Bradley presents new developments in remote camera control
Bradley Engineering, a designer of specialist and remote controlled cameras, will present their latest developments in remote controlled cameras at IBC – taking place from 10 to 15 September 2015 at the RAI in Amsterdam – along with the new cameras in Bradley’s own range.
One of the highlights on this year’s stand will be Bradley’s brand new Radio Controlled camera interface board, (R-C) which works with Bradley’s remote control panel to add professional broadcast quality camera control to cameras mounted on drones. The R-C interface controls all of the camera parameters, including pan tilt, zoom, colour balance, focus and iris, and will be sold as a PCB. It will operate with Sony, Hitachi, Ikegami, JVC, Panasonic and Grass Valley cameras as well as any LANC camera and Bradley’s own camera range. The live demonstration will show the camera moving in three dimensions on a 4-wire system from DynamiCam.
Bradley will reveal a brand new camera in the range, the HDC 180, at IBC this year. Slightly larger than the other HDC family cameras, it fills the gap between Bradley’s HDC and the Camball, and comes with a 18x zoom and genlock. Bradley has designed this camera to compete with similar cameras from bigger manufacturers.

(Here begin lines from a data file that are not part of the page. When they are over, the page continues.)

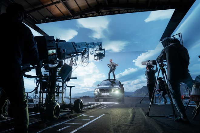 ▲비브스튜디오스 곤지암 R&D 스튜디오에서 통합제어솔루션 VIT를 활용해 자동차 주행 장면 및 실시간으로 환경 변화를 제어하며 촬영하는 모습.
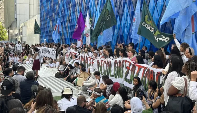 وأكد النشطاء خلال المظاهرة استحالة الكفاح العادل ضد التغير المناخي قبل تحقيق العدالة حول العالم، ورفعوا لافتات تدعو إلى إنهاء الاستعمار المناخي، وهتفوا بأن فلسطين حرة.
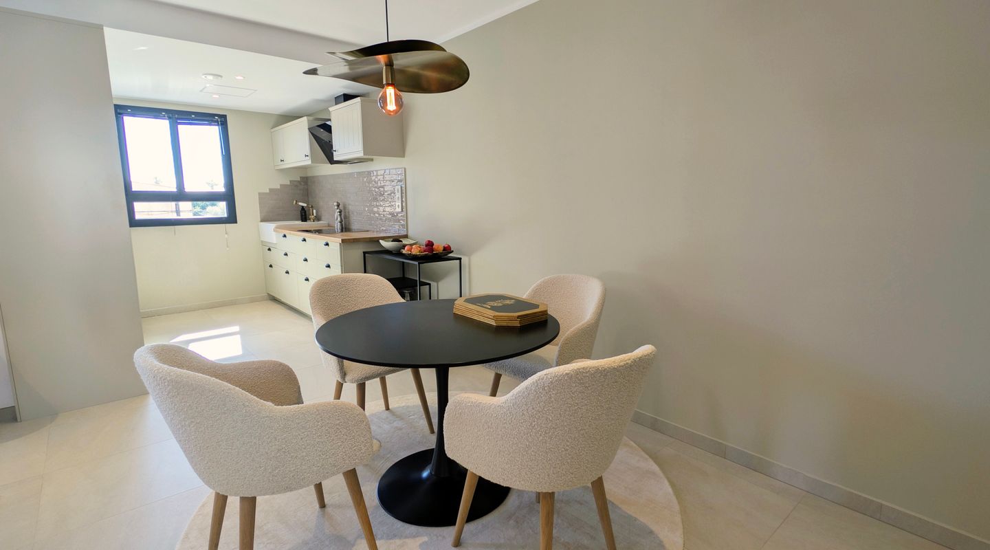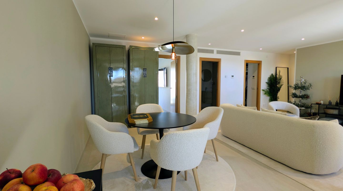 Dieses hochwertige Apartment wurde erst vor kurzem fertiggestellt und befindet sich in einer sehr gepflegten, kleinen Wohnanlage mit Gemeinschaftspool am Ortsrand von Ses Salines. Die Anlage liegt ruhig und dennoch nur wenige Gehminuten von Bars, Restaurants und dem lebendigen Marktplatz entfernt.
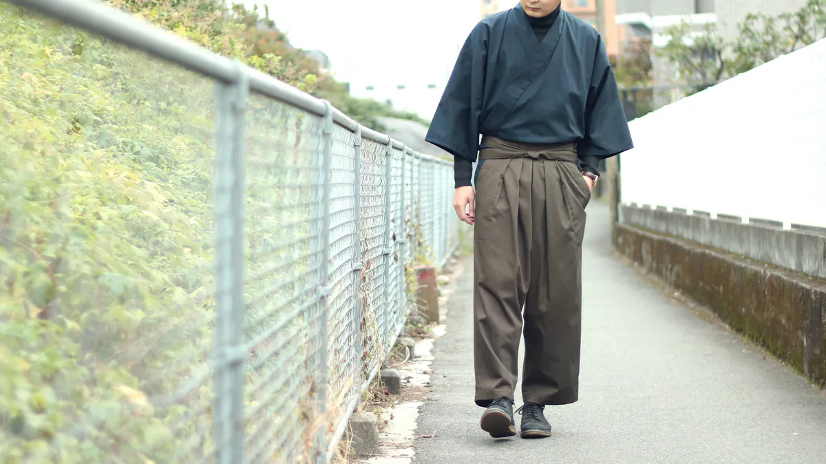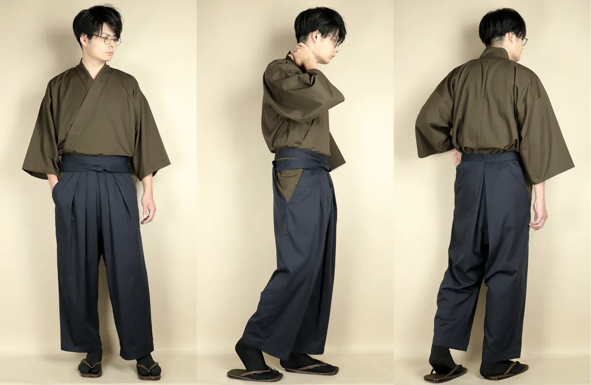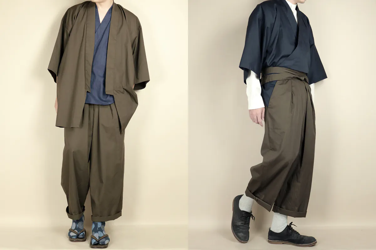 日本古来の野袴(のばかま)を現代的にアレンジして、チノパンの生地で製作した男性用の袴パンツです。
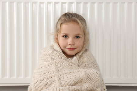 Depressed, cried, serious little girl wrapped in warm plaid, trying warming up, keep warm with woolen clothes, sit on the floor near heating radiator in apartment. Broken convector, suffer from cold
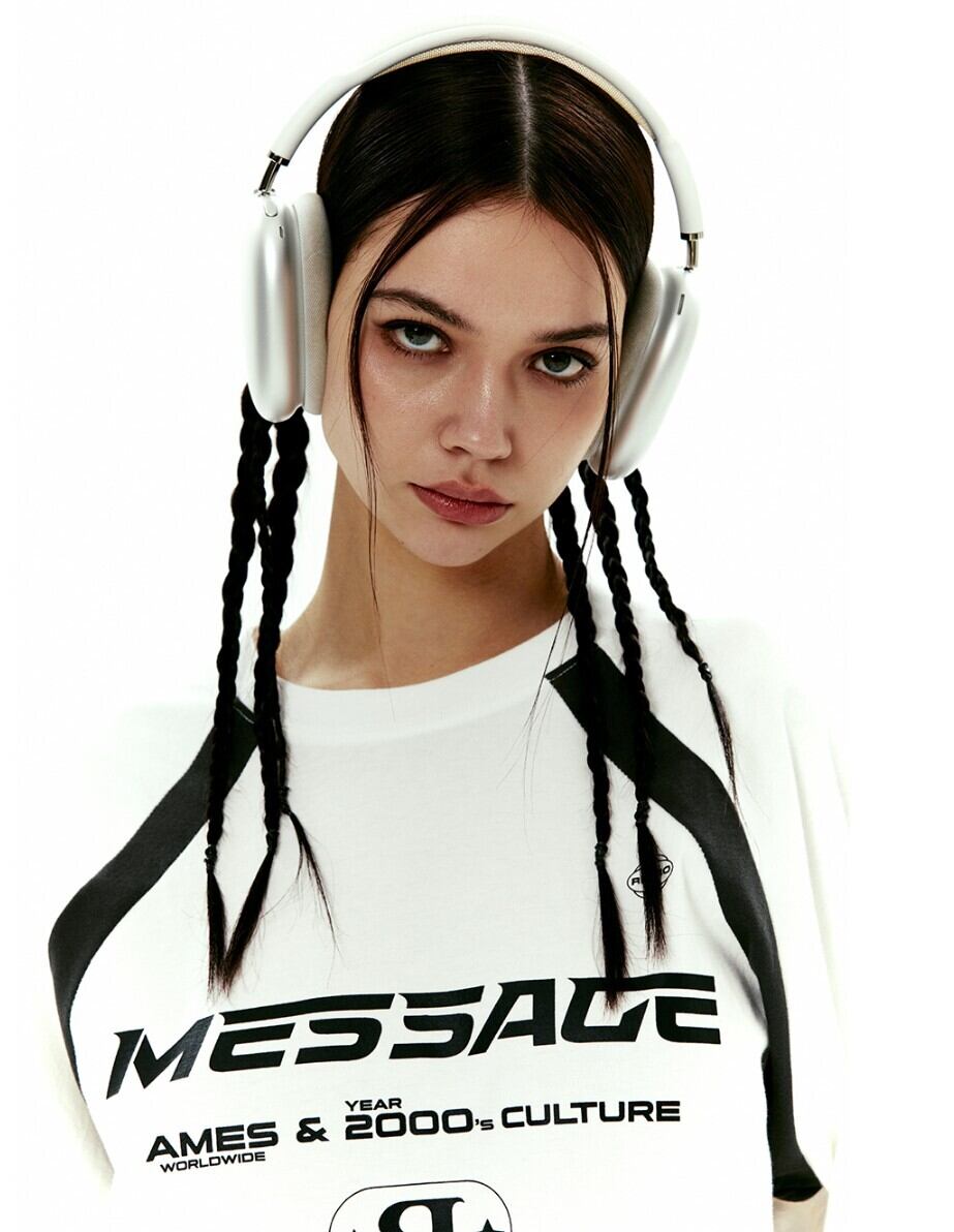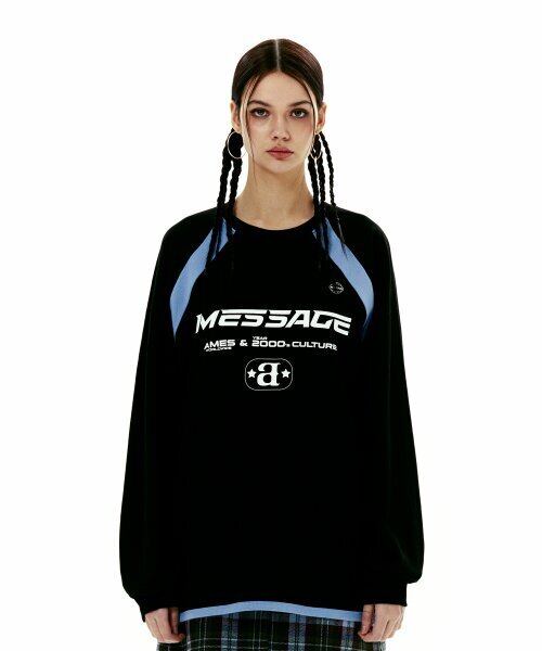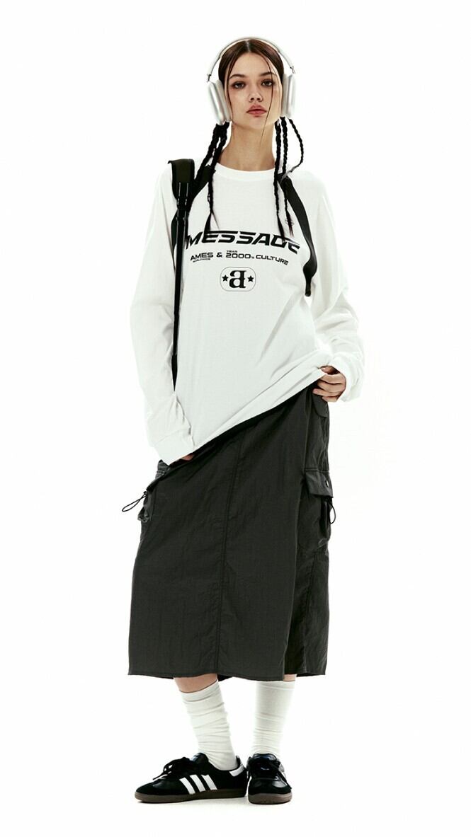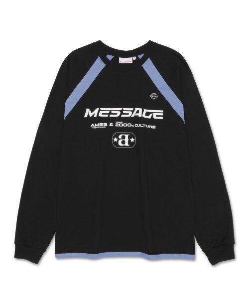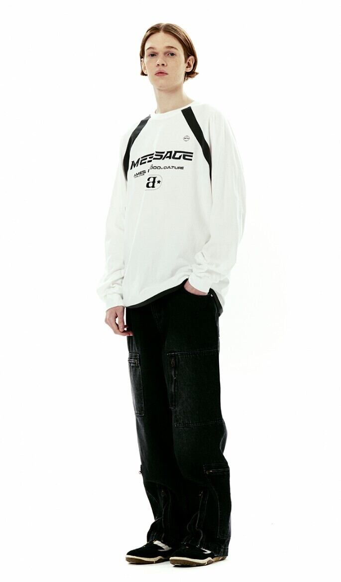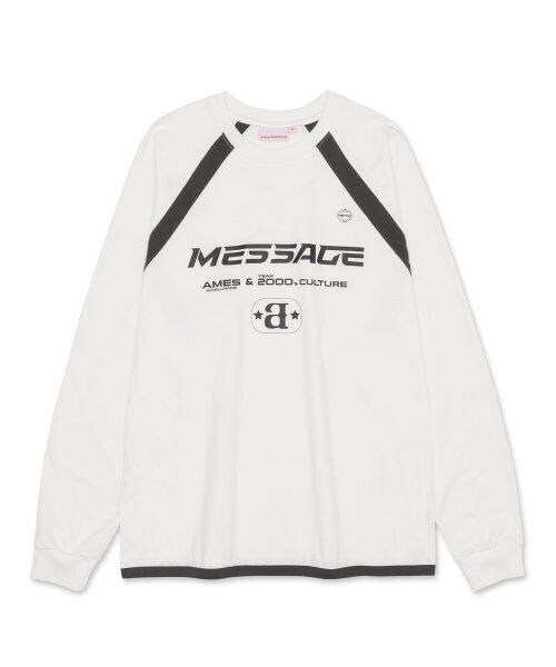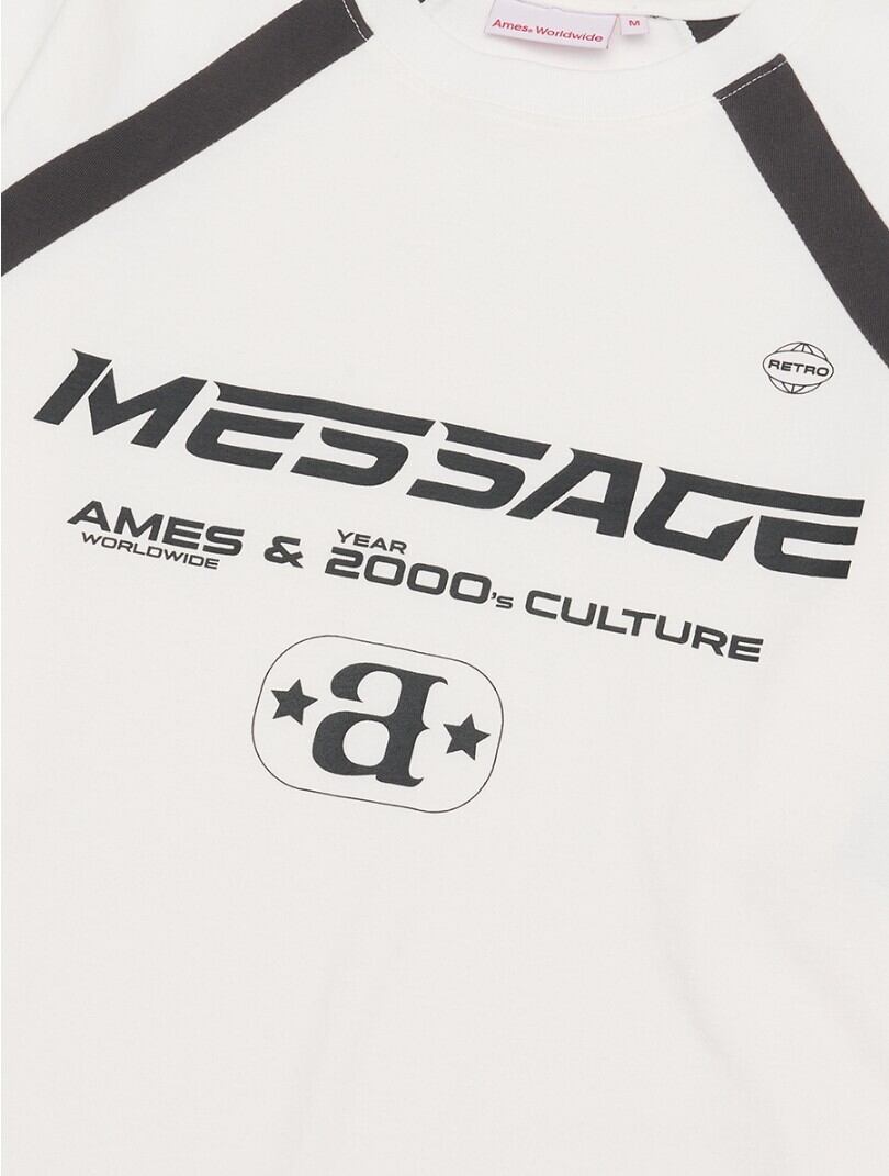 BLACK 2/28予約発送★STAYC セウン 着用!!【Ames Worldwide】MESSAGE LOGO RAGLAN LS TEE WHITE - 2COLOR
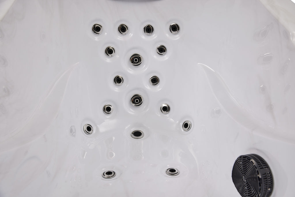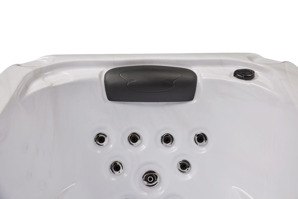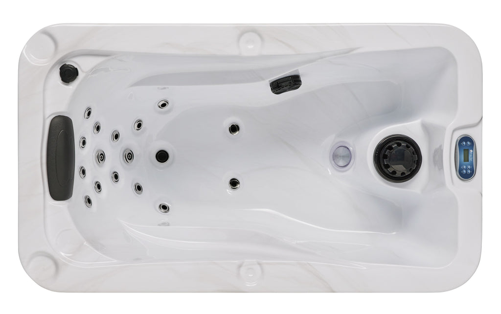 The Solo 1-person deluxe home spa with cloud gray interior provides all the features of larger hot tubs in a comfortable and spacious single lounger design. The Solo home spa is the perfect retreat for those looking for a luxury spa with a space saving design without sacrificing comfort. The Solo features 20 adjustable massage jets strategically located for deep tissue massage of the upper and lower back, and legs. The integrated cushioned neck pillow and LED lighting help maximize relaxation and complete this well-acquainted spa. Full foam insulation improves energy efficiency and reduces operating costs in colder climates. The gray polystyrene skirt is designed for years of use without fading or rotting. The built-in exterior LED lighting in the hot tub skirt of this modern hot tub will elevate the ambience of your deck. This spa also comes with a deluxe UV rated spa cover and premium steps.

Bradley will also present a revolutionary new device called the SwingArm, which will be demonstrated at the stand, showing visitors a new way to get camera arching shots of commercial packs and products in as little as ten minutes. Built by Bradley’s partner 9.Systems, it has a cantilever arm which attaches to a normal camera tripod, and rotates horizontally or vertically to contour and track, pan and tilt around the subject.
Bradley will also be showing the new 4K camera born out of a collaboration with JVC Kenwood, Bradley’s new HDC 160 camera which replaces the HDC150 this year, the all-new GimBall3, a 3-axis stabilised version of the CamBall3, and the CamBall 4K prototype.